Notice that LOVE is replaced by both 1 and 6, and that 1 replaces both LOVE and YOU. This is due
to word insertions in the list and the effect of move-to-front. After the second LOVE is processed,
the word list is simply
CSC 316 – Project 1 3
(LOVE)
hence the second instance of LOVE is replaced by the number 1. After the I is processed, the word
list is
(I, KNOW, YOU, DO, ME, LOVE)
Next, the third instance of LOVE is processed, the word is found in the 6th position (thus it is
replaced by number 6), and the list becomes:
(LOVE, I, KNOW, YOU, DO, ME)
When the second YOU is processed, YOU is found in the 4th position, and the list becomes:
(YOU, LOVE, I, KNOW, DO, ME)
Finally, when the last two instances of YOU are processed, the word is found in the first position.
In decompression mode, a word read from input is written out again and inserted at the front of
the list. When the number i is read, the word in the i-th position is written out, then the word is
deleted from the list and reinserted at the front. Decompression ends when the number 0 is read.
The decompressed version should be identical to the original in every respect! (In Unix, you can
use the utility diff to check this.)
In compression mode, the program should also keep track of how many characters it reads and
writes (between the two zeros) for the statistics line.
Deliverables: Source Code
You will implement the compression and decompression algorithms in a single Java program. You
must name your file proj1.java, and have your program read from standard input (System.in)

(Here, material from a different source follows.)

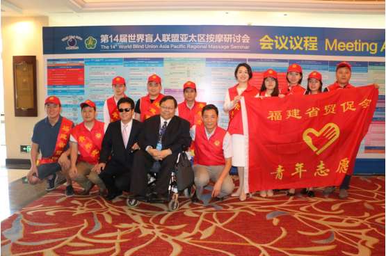 “第十四届世界盲人联盟亚太区按摩研讨会”于2018年5月7日-5月11日在福州举行。省贸促会青年志愿者服务队主动与省残联有关单位联系,为会议提供志愿者服务。省贸促会会长陈震亲率服务队赴省残联进行前期工作对接,并亲临会议现场指导志愿者服务活动。

and write to standard output (System.out); you (and we) can use redirection to read from or write
to specific files.
We will test your code on a secret file (i.e., we will not provide the test file to you in advance).
In order for you to test and debug your program, I have placed three sample input files, small,
medium, and large, in the Project 1 folder.

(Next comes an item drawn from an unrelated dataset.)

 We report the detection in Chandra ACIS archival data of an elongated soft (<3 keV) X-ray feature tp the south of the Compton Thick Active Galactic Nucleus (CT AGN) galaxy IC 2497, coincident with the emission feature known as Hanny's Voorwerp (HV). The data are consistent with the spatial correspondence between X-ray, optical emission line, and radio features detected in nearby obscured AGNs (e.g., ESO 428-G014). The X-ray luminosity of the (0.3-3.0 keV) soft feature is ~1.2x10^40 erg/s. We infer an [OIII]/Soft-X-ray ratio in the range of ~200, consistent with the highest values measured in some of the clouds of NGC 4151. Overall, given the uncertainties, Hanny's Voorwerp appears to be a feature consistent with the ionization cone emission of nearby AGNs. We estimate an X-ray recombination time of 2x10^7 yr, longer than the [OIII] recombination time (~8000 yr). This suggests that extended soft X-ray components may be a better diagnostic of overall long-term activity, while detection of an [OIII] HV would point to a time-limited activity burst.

Deliverables: Comparison Report
The objective of this part of the project is to compare the performance of our simple data compression algorithm to another popular file compression utility. To this end, you need to select a
reference file compression utility available on your operating system (for instance, Unix or Mac
OS X users have a choice among compress, gzip, and pack; Windows users may consider winzip,
pkzip, or other). Run both the reference utility and your program on the ten files in the Project 1
CSC 316 – Project 1 4
folder named input1, input2, · · ·, input10. Submit a report of the results that contains a table
listing, for each input file: (1) the size of the uncompressed file, in bytes, (2) the size of the file
compressed by the reference utility, in bytes and as a fraction of the uncompressed file size, and
(3) the size of the file compressed by your program, in bytes and as a fraction of the uncompressed
file size (for the comparison, do not include the statistics line generated by your program). Also,
report the average over all 10 input files.
Submission
Submit all your programs, as well as your report (in PDF), using the submit tools, by the due
date indicated on the course site.
Grading
Move-to-front linked list implementation: 30 Points
Data compression algorithm: 30 Points
Compilation and output: 30 Points
Comparison report 10 Points
100 Points
Important reminder: Homework is an individual, not a group, project. Students may discuss
approaches to problems together, but each student should write up and fully understand his/her
own solution. Students may be asked to explain solutions orally if necessary.